Segment Start: Dataset excerpts

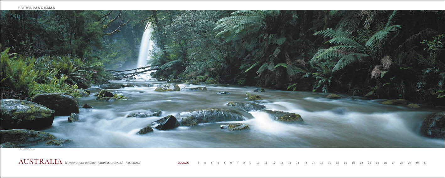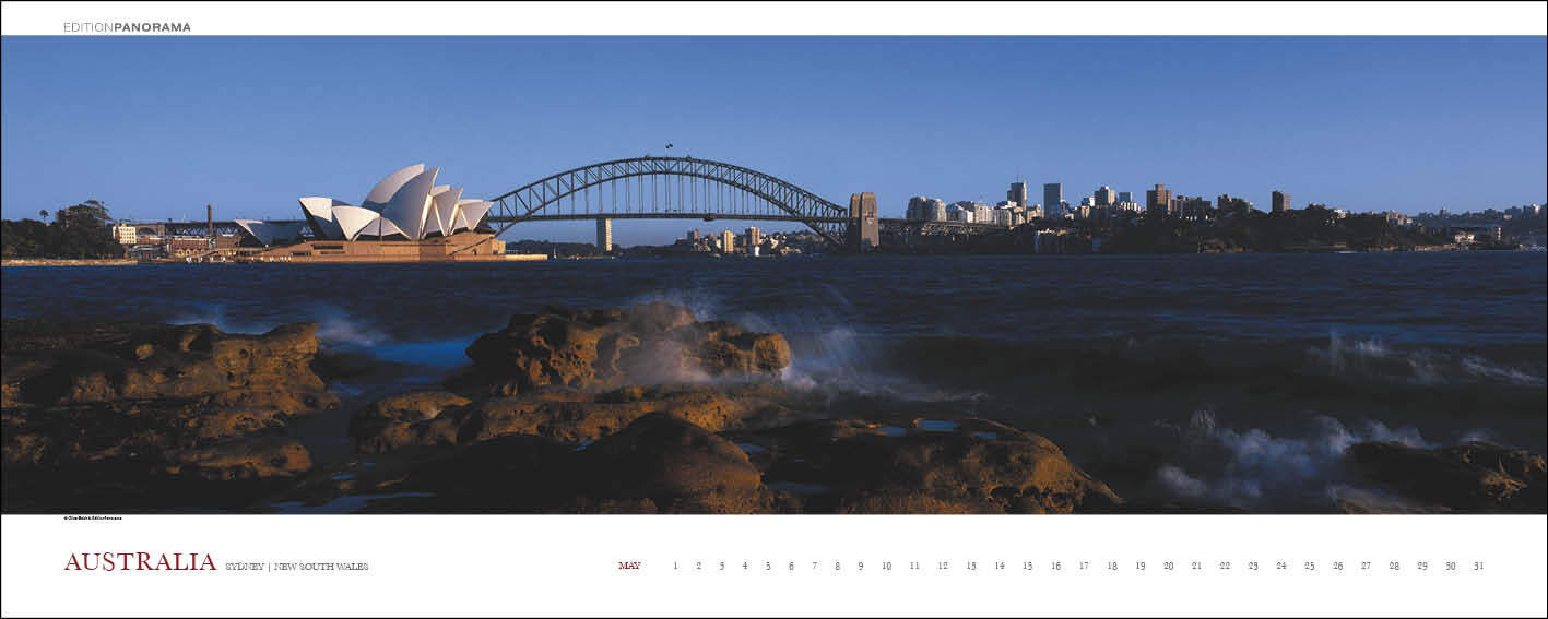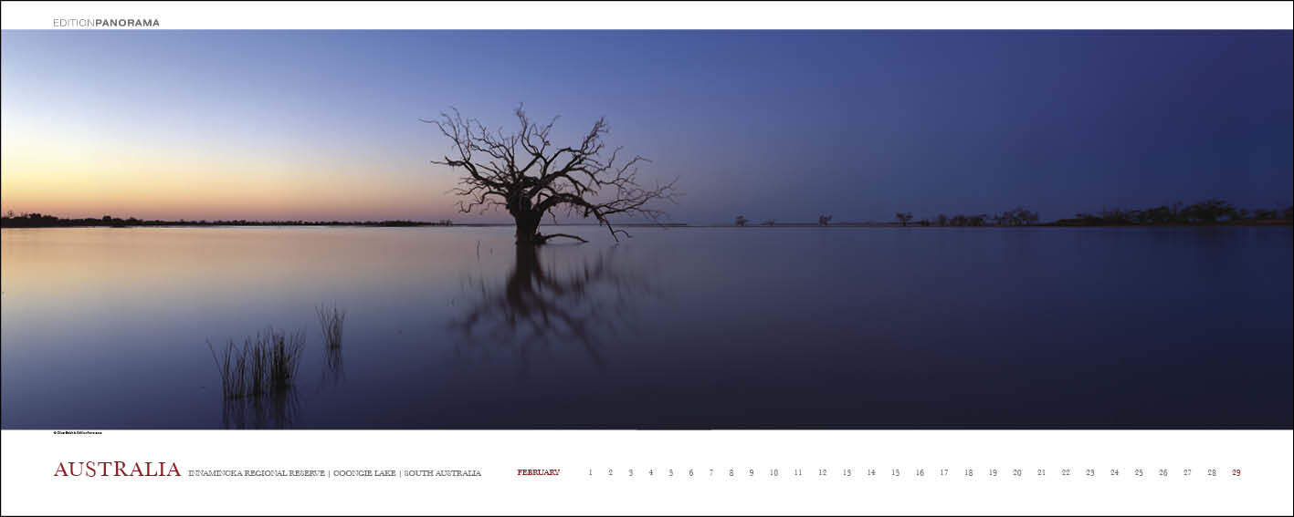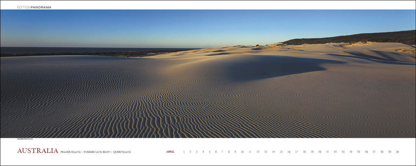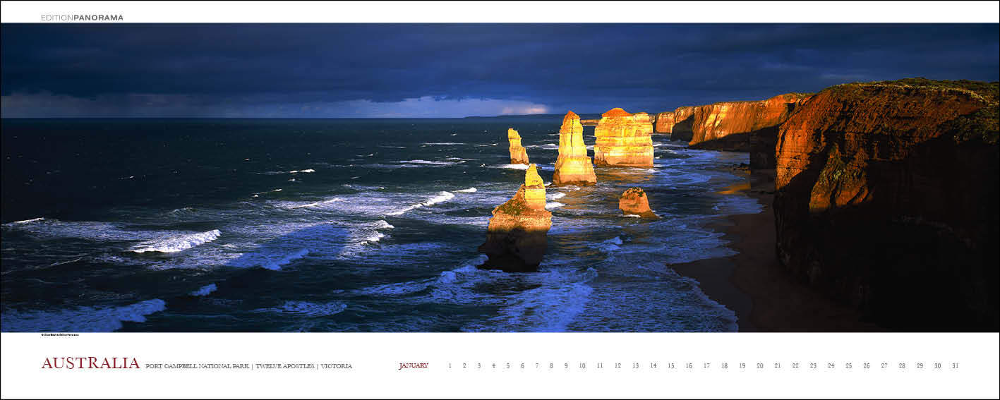 -Immerwährender Panorama-Kalender im Großformat 120 x 48 cm. -in Deutschland gestaltet, gedruckt und in Handarbeit gebunden. -vom Fotografen handsigniert. -im robusten, hochwertigen Versandschuber. Oliver Bolch hat für sein Australien-Projekt den ganzen Kontin...
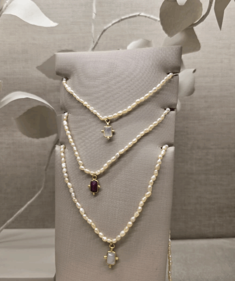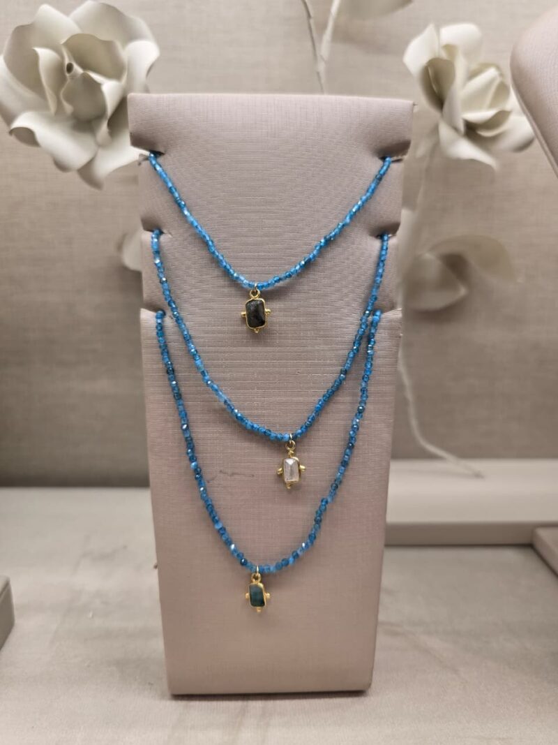 Une sublime creation en pierres naturelles, ornée de petits pendentifs délicats en pierre naturelle, disponible dans des nuances fraîches et rafraîchissantes. Idéale à porter seuls pour une élégance subtile ou en accumulation pour un look sophistiqué. Une touche parfaite de féminité, en harmonie avec la beauté authentique des pierres naturelles, conçue pour la femme moderne et élégante en quête de connexion avec la nature.
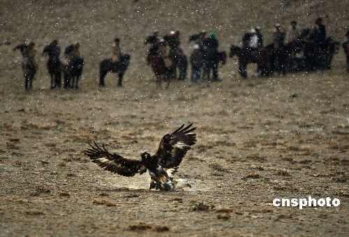 3月21日上午,在“中國獵鷹故鄉”新疆阿合奇縣蘇木塔什鄉獵鷹場上,全縣百余名獵鷹人帶著獵鷹為參加“第二屆獵鷹文化節”的游客展示“放飛獵鷹”、“獵鷹捕兔”、“獵鷹活捉狐貍”等民族特色節目。 中新社發 馬衛平 攝
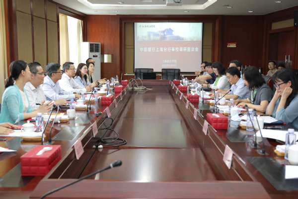 6月9日上午,中国银行上海分行资深客户经理杨军、行政事业机构部总经理李哲、人力资源部副总经理蔡晶、行政事业机构部副总经理朱环、示范区分行行长朱华栋等一行来校调研座谈。校党委书记葛卫华,校党委常委、副校长胡继灵出席座谈交流会。座谈会由胡继灵主持。
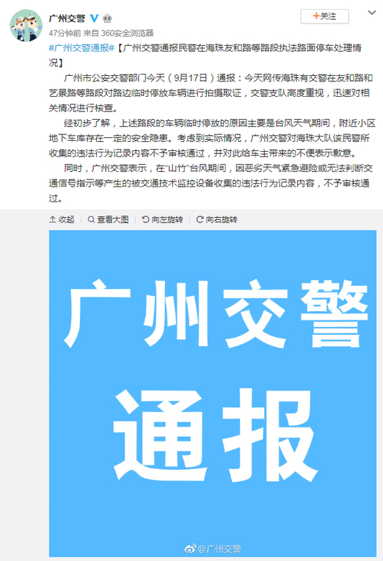 经初步了解,上述路段的车辆临时停放的原因主要是台风天气期间,附近小区地下车库存在一定的安全隐患。考虑到实际情况,广州交警对海珠大队该民警所收集的违法行为记录内容不予审核通过,并对此给车主带来的不便表示歉意。
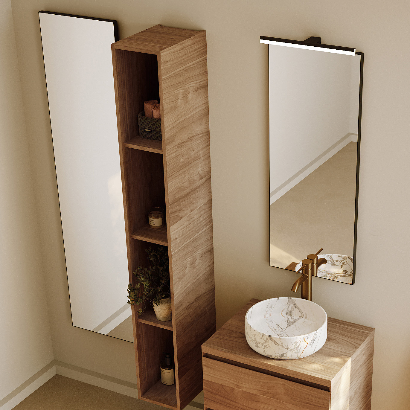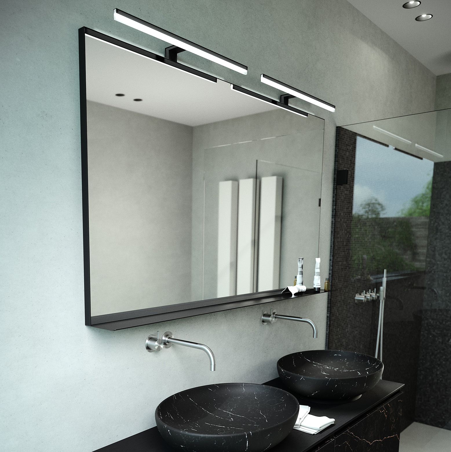 Oglindă cu ramă metalică neagră mată, cu o adâncime de 2 cm. Echipată cu senzor de mișcare, excluzând iluminatul. Este disponibilă și încălzirea oglinzii pentru această oglindă în dimensiunile 60 x 80 cm, 80 x 80 cm, 100 x 80 cm și 120 x 80 cm.
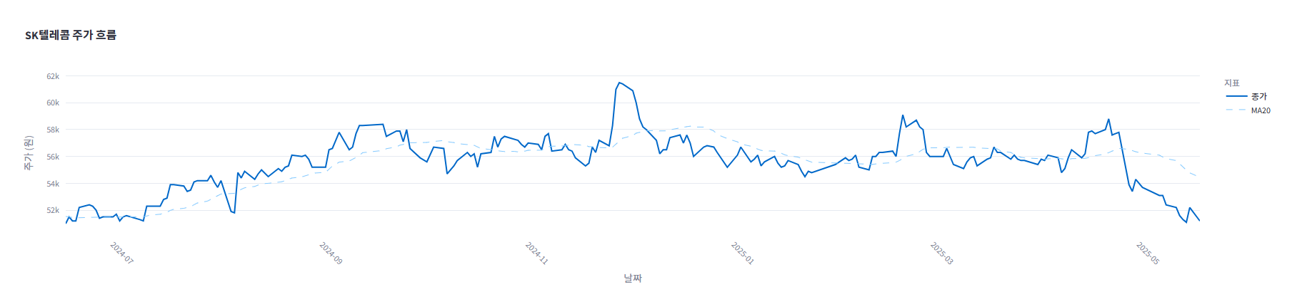 📅 2025년 06월 16일 | TINA 투자리포트📊 이 리포트는 기술적 지표 + 뉴스 감성 분석 + 머신러닝 기반 점수화로 선정된 종목입니다.📊 상위 5개 추천 종목 요약종목현재가AI 점수RSIMACD 신호시장 심리SK텔레콤54,600원0.5883.93상승0.48LG화학208,500원0.5870.96상승0.47삼성생명124,800원0.5482.88상승0.47LG디스플레이8,840원0.5465.85상승0.48HMM24,200원0.5366.95상승0.47🔹 SK텔레콤현재 주가: 54,600원보수적 매수: 52,962원공격적 매수: 53,781원보수적 매도: 59,525원공격적 매도: 55,419원손절가: 51,870원시장 심리: 0.48종합 점수: 0.58💡 AI 점수 해석: AI 점수는 보완이 ..
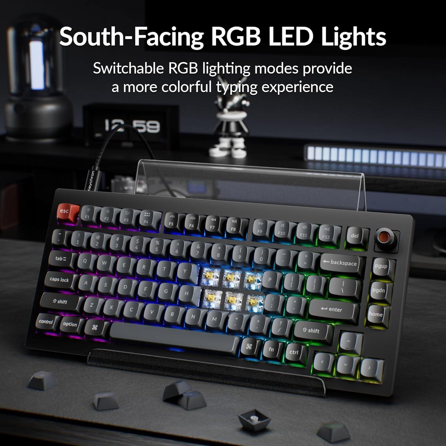 • Keychron V1 8K 75% Wired Mechanical Keyboard with Programmable Knob, OSA PBT Keycaps, Hot-swappable with Keychron Super Brown Switchs, 8000 Hz Polling Rate, RGB Backlit for Mac Windows Linux(Keychron Banana Switch)
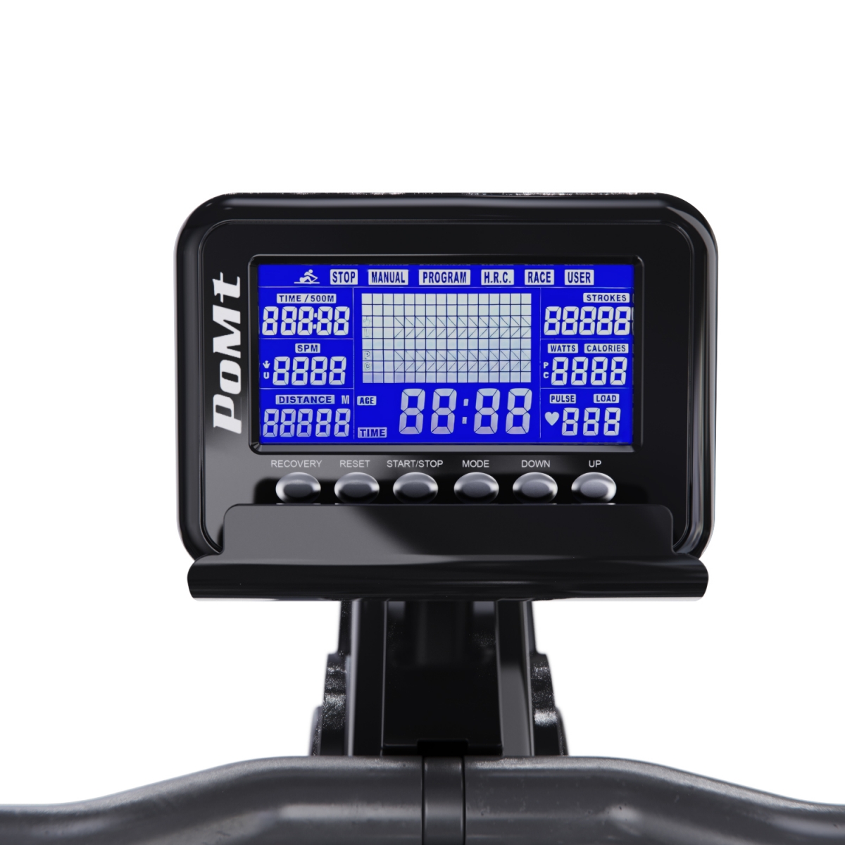 Монохромный LCD-дисплей с подсветкой отображает основные параметры тренировки, такие как время, скорость, расстояние, гребки, а 12 встроенных программ помогут вам разнообразить тренировки. Размер консоли 11,8 х 17,8 х 4,3 см. В комплект поставки входят 2 батарейки типа АА.
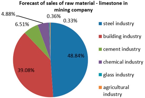 The chosen object of this research was a mining company in Slovakia that deals with the mining of a raw material—limestone. It prepares the raw material, limestone, for various fractions, which it supplies for the construction industry. The mining company produces and sells raw material (Figure 2) for steel, building, cement, chemical, glass, and the agricultural industry. The highest demand of raw material—limestone—is in the steel industry, 49%. In order to expand its portfolio, the mining company must make significant changes in its production process in order to meet the demand for raw materials. This reason is the basic idea of the implementation of the new layout of mining process in the mining company. The mining company uses in the mining process the following equipment: crusher, sorter, three stationary sorting lines, belt conveyors, bigger storage space, tracked excavators, loaders, and exhausting equipment. In this mining process, mobile and stationary machines are used, and this equipment is in the reproduction phase of service life of machines. As the machines are in the reproduction phase, several failures occur, which represents a high cost for the mining company. The company must plan financial resources for new investments in the form of new machinery and equipment, because their functional condition and failure rate is very critical [].
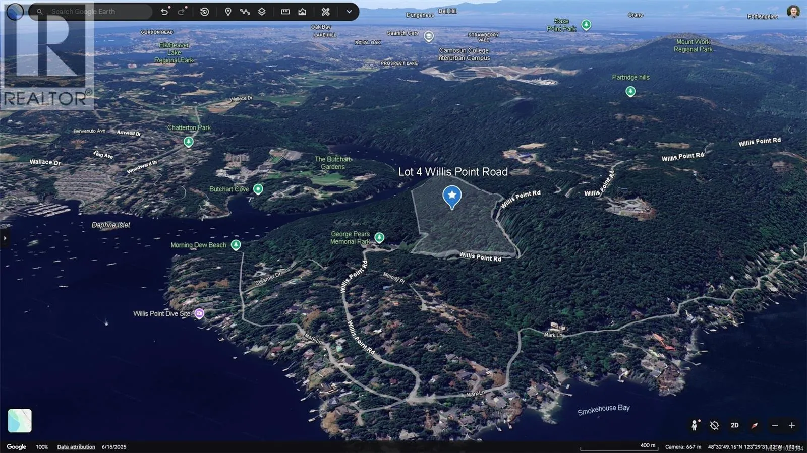 30.40 acres of rare non-ALR Saanich Peninsula land 20 min from Victoria bordering parkland with ocean views of Tod Inlet, Brentwood Bay, and Butchart gardens. Located in Central Saanich; a semi-rural community of hobby/working farms & vineyards with Canadaâs most temperate climate. Secondary suites & accessory buildings allowed, with multiple road/approach possibilities available, as well as hydro & cable on Willis Point Road lot line. Well drilled & approved for septic. This represents a last of its kind opportunity in South BC; likely never available again in present untouched, pristine state. Zoned RC with extremely low taxes and flexible opportunities for building & development on land with significant timber volumes in prime growing area for additional value every year. This lot can be purchased in conjunction with adjacent MLS# 1029563. View the lots together at MLS# 1029565. (id:27476)
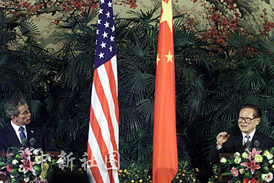 國(guó)家主席江澤民與美國(guó)總統(tǒng)布什二十一日在北京共同會(huì)見中外記者,這是繼APEC上海峰會(huì)以來(lái)兩國(guó)元首第二次共同會(huì)見記者。作者:滿會(huì)喬
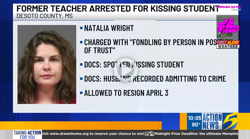 Wright’s husband allegedly obtained footage and audio recording of her admitting to kissing the student on multiple occasions while tutoring the student.

Segment End: Dataset excerpts

● Prompt
Please repeat all of the data exactly as it stands, leaving the pictures out.

● Response area
 -Immerwährender Panorama-Kalender im Großformat 120 x 48 cm. -in Deutschland gestaltet, gedruckt und in Handarbeit gebunden. -vom Fotografen handsigniert. -im robusten, hochwertigen Versandschuber. Oliver Bolch hat für sein Australien-Projekt den ganzen Kontin...
 Une sublime creation en pierres naturelles, ornée de petits pendentifs délicats en pierre naturelle, disponible dans des nuances fraîches et rafraîchissantes. Idéale à porter seuls pour une élégance subtile ou en accumulation pour un look sophistiqué. Une touche parfaite de féminité, en harmonie avec la beauté authentique des pierres naturelles, conçue pour la femme moderne et élégante en quête de connexion avec la nature.
 3月21日上午,在“中國獵鷹故鄉”新疆阿合奇縣蘇木塔什鄉獵鷹場上,全縣百余名獵鷹人帶著獵鷹為參加“第二屆獵鷹文化節”的游客展示“放飛獵鷹”、“獵鷹捕兔”、“獵鷹活捉狐貍”等民族特色節目。 中新社發 馬衛平 攝
 6月9日上午,中国银行上海分行资深客户经理杨军、行政事业机构部总经理李哲、人力资源部副总经理蔡晶、行政事业机构部副总经理朱环、示范区分行行长朱华栋等一行来校调研座谈。校党委书记葛卫华,校党委常委、副校长胡继灵出席座谈交流会。座谈会由胡继灵主持。
 经初步了解,上述路段的车辆临时停放的原因主要是台风天气期间,附近小区地下车库存在一定的安全隐患。考虑到实际情况,广州交警对海珠大队该民警所收集的违法行为记录内容不予审核通过,并对此给车主带来的不便表示歉意。
 Oglindă cu ramă metalică neagră mată, cu o adâncime de 2 cm. Echipată cu senzor de mișcare, excluzând iluminatul. Este disponibilă și încălzirea oglinzii pentru această oglindă în dimensiunile 60 x 80 cm, 80 x 80 cm, 100 x 80 cm și 120 x 80 cm.
 📅 2025년 06월 16일 | TINA 투자리포트📊 이 리포트는 기술적 지표 + 뉴스 감성 분석 + 머신러닝 기반 점수화로 선정된 종목입니다.📊 상위 5개 추천 종목 요약종목현재가AI 점수RSIMACD 신호시장 심리SK텔레콤54,600원0.5883.93상승0.48LG화학208,500원0.5870.96상승0.47삼성생명124,800원0.5482.88상승0.47LG디스플레이8,840원0.5465.85상승0.48HMM24,200원0.5366.95상승0.47🔹 SK텔레콤현재 주가: 54,600원보수적 매수: 52,962원공격적 매수: 53,781원보수적 매도: 59,525원공격적 매도: 55,419원손절가: 51,870원시장 심리: 0.48종합 점수: 0.58💡 AI 점수 해석: AI 점수는 보완이 ..
 • Keychron V1 8K 75% Wired Mechanical Keyboard with Programmable Knob, OSA PBT Keycaps, Hot-swappable with Keychron Super Brown Switchs, 8000 Hz Polling Rate, RGB Backlit for Mac Windows Linux(Keychron Banana Switch)
 Монохромный LCD-дисплей с подсветкой отображает основные параметры тренировки, такие как время, скорость, расстояние, гребки, а 12 встроенных программ помогут вам разнообразить тренировки. Размер консоли 11,8 х 17,8 х 4,3 см. В комплект поставки входят 2 батарейки типа АА.
 The chosen object of this research was a mining company in Slovakia that deals with the mining of a raw material—limestone. It prepares the raw material, limestone, for various fractions, which it supplies for the construction industry. The mining company produces and sells raw material (Figure 2) for steel, building, cement, chemical, glass, and the agricultural industry. The highest demand of raw material—limestone—is in the steel industry, 49%. In order to expand its portfolio, the mining company must make significant changes in its production process in order to meet the demand for raw materials. This reason is the basic idea of the implementation of the new layout of mining process in the mining company. The mining company uses in the mining process the following equipment: crusher, sorter, three stationary sorting lines, belt conveyors, bigger storage space, tracked excavators, loaders, and exhausting equipment. In this mining process, mobile and stationary machines are used, and this equipment is in the reproduction phase of service life of machines. As the machines are in the reproduction phase, several failures occur, which represents a high cost for the mining company. The company must plan financial resources for new investments in the form of new machinery and equipment, because their functional condition and failure rate is very critical [].
 30.40 acres of rare non-ALR Saanich Peninsula land 20 min from Victoria bordering parkland with ocean views of Tod Inlet, Brentwood Bay, and Butchart gardens. Located in Central Saanich; a semi-rural community of hobby/working farms & vineyards with Canadaâs most temperate climate. Secondary suites & accessory buildings allowed, with multiple road/approach possibilities available, as well as hydro & cable on Willis Point Road lot line. Well drilled & approved for septic. This represents a last of its kind opportunity in South BC; likely never available again in present untouched, pristine state. Zoned RC with extremely low taxes and flexible opportunities for building & development on land with significant timber volumes in prime growing area for additional value every year. This lot can be purchased in conjunction with adjacent MLS# 1029563. View the lots together at MLS# 1029565. (id:27476)
 國(guó)家主席江澤民與美國(guó)總統(tǒng)布什二十一日在北京共同會(huì)見中外記者,這是繼APEC上海峰會(huì)以來(lái)兩國(guó)元首第二次共同會(huì)見記者。作者:滿會(huì)喬
 Wright’s husband allegedly obtained footage and audio recording of her admitting to kissing the student on multiple occasions while tutoring the student.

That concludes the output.